▶ [Task]: From the listing below, reproduce exactly the lines starting with the one with "他表示，经过近3年的推行，从" and going on through the one with "Das Weitkar –", both ends kept. No picture is copied.

▶ [Dataset entries]:
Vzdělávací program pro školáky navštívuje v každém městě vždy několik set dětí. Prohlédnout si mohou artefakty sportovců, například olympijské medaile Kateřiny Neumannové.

==

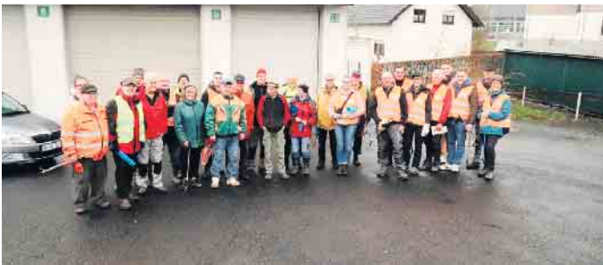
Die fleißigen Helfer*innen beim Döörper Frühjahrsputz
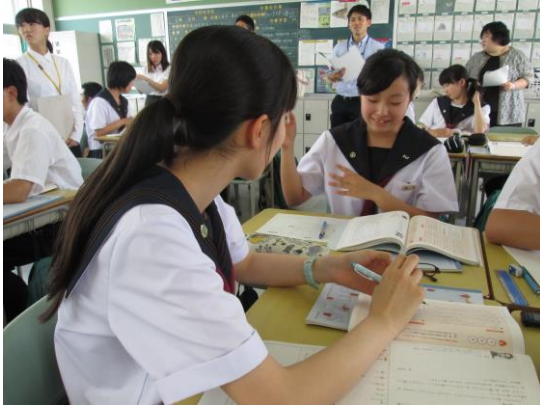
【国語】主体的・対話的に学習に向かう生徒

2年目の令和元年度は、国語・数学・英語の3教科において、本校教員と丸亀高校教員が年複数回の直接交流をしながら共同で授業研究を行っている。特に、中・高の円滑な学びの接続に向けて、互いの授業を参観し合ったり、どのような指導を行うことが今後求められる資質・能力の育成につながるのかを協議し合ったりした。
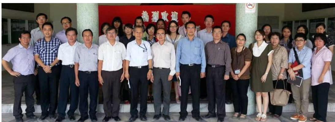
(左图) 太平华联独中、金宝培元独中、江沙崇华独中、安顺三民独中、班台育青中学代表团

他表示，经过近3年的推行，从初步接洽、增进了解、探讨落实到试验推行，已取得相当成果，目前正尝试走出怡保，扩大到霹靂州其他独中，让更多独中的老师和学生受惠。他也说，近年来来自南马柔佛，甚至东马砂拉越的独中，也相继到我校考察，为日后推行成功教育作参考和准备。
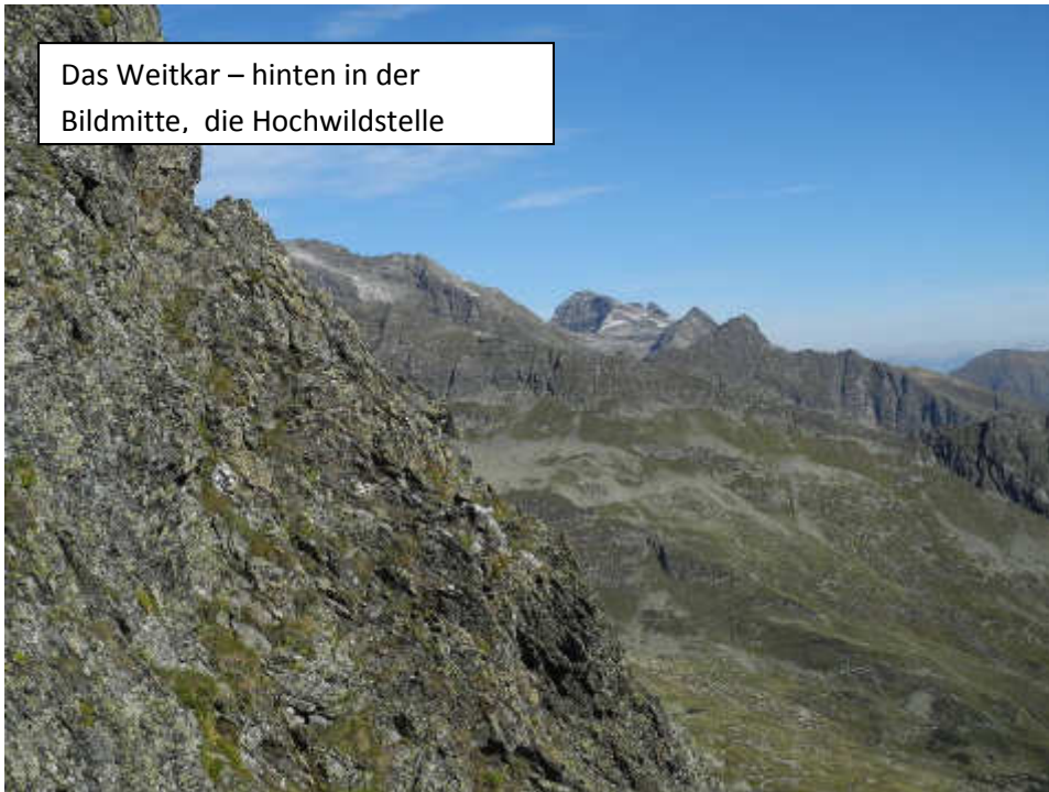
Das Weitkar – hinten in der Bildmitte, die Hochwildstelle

▶ [Exercise answer]:
他表示，经过近3年的推行，从初步接洽、增进了解、探讨落实到试验推行，已取得相当成果，目前正尝试走出怡保，扩大到霹靂州其他独中，让更多独中的老师和学生受惠。他也说，近年来来自南马柔佛，甚至东马砂拉越的独中，也相继到我校考察，为日后推行成功教育作参考和准备。
Das Weitkar – hinten in der Bildmitte, die Hochwildstelle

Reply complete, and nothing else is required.